You are seated, and, more pressingly, miserable, because not only does the lecturer hate you, you tardy piece of trash, but he is also ridiculously attractive and his clothing and delivery style scream, “I have my life together”. You curse your decision to come, but you are also slightly in love.
You try to piece the fragments of literary goodness together but your brain just wasn’t built to work before midday. Your note making is going well though, signifying that your body is working even if your mind is not. You start to wonder if you should have done sports studies somewhere instead.
Your lecturer makes a joke. It’s a hit, 10/10, five stars. Critics are tipping him for a Tony award. You laugh but you are dying inside.
You are beginning to zone out. It’s been a valiant effort but twenty minutes is all anyone could really expect from you. You try not to think of the science students battling through their second hour of five. You try not to self-attribute the adjective “lazy”. You fail.
As your thoughts drift, you began to realise that all those people on their MacBooks (so many MacBooks) aren’t actually making notes. They are checking their Facebook. Messages fly back and forth as you try in vain to make discernible scrawls with your pen. You are judging. Hard. Suddenly your self-loathing is offset slightly by completely unjustifiable smugness. You are a deity.
You think of the essay you were set yesterday. You consider picking up the books for it from the library next door to the lecture theatre. Maybe this is it, the turning point: you think about leaving your lecture, freshly injected with that sweet, sweet knowledge, to head to the library and start the reading for your next essay.
You know that you’re going to leave it all until the night before the deadline. Why are you like this?
The lecture is winding towards its end. You suspect that you have indeed been taught a few things. Maybe you’ll even use them in your next collection. Maybe it will bump you up from 2:1 to a First. Maybe every lecture you attend is an extra point in your exam papers.
You remember that you never revise for your collections.
The lecture ends. You are released to the wilds of South Parks Road slightly earlier than you were anticipating. You now feel even more guilty than when you were sitting mindlessly, not paying attention. Now you feel like you fabricated a “toothache” to leave school early so that you could go home and play PlayStation after a long day doing your times tables. Pathetic.

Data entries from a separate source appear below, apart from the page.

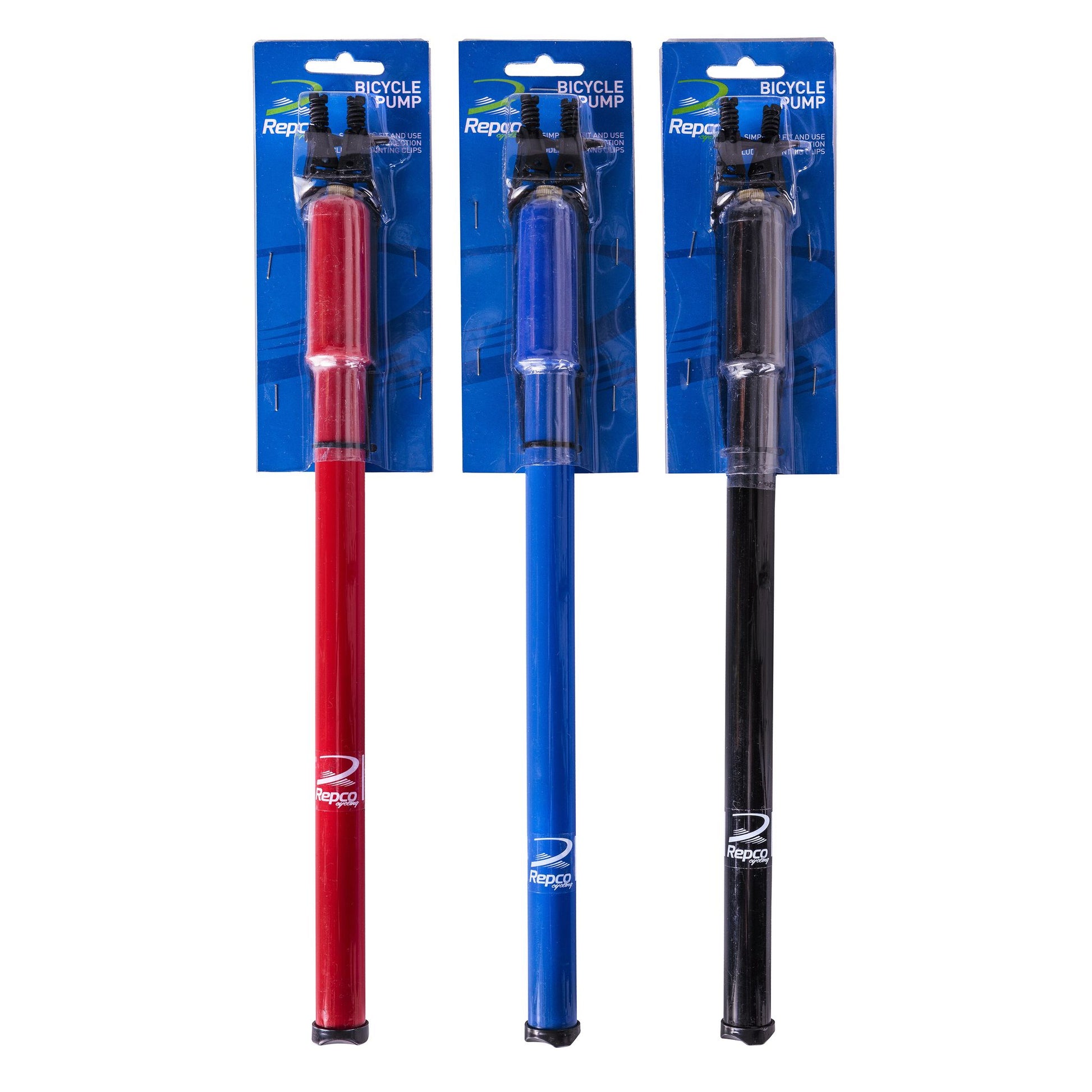 Repco Plastic Pump features a connector hose inside the handle, fixing screws at the end of the pump and centre pump holders on the frame tube also perfect for emergencies.
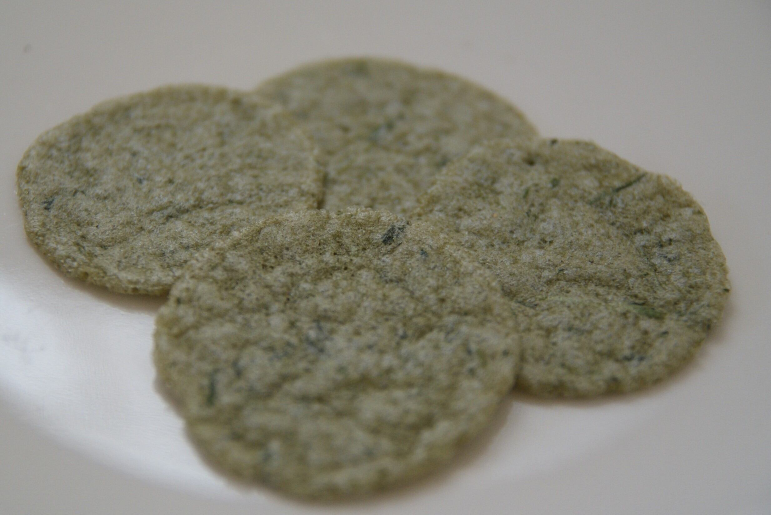 椎茸ベースの煎餅に、よもぎをたっぷり加えたお煎餅です。
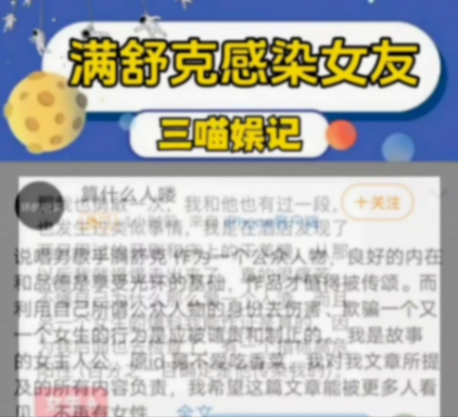 據(jù)女友爆料,她在與滿舒克交往期間不幸染病,而男方對此卻毫不負責,甚至在術(shù)后對她冷漠無情。這一事件迅速在網(wǎng)絡(luò)上擴散,網(wǎng)友紛紛對滿舒克的行為表示譴責。

Your hatred is exacerbated by the knowledge that inside you, somewhere, is a decent humanities student. Someday, that student will rise, destroy all exams standing in the way of mastery of the subject. Someday, you will be vindicated by outstanding exam scores and they’ll basically beg you to stay on, do all the DPhils, and lecture some unsuspecting undergrads about those books. After all, how hard can it be?
Today is not that day. This had all better be worth it come finals.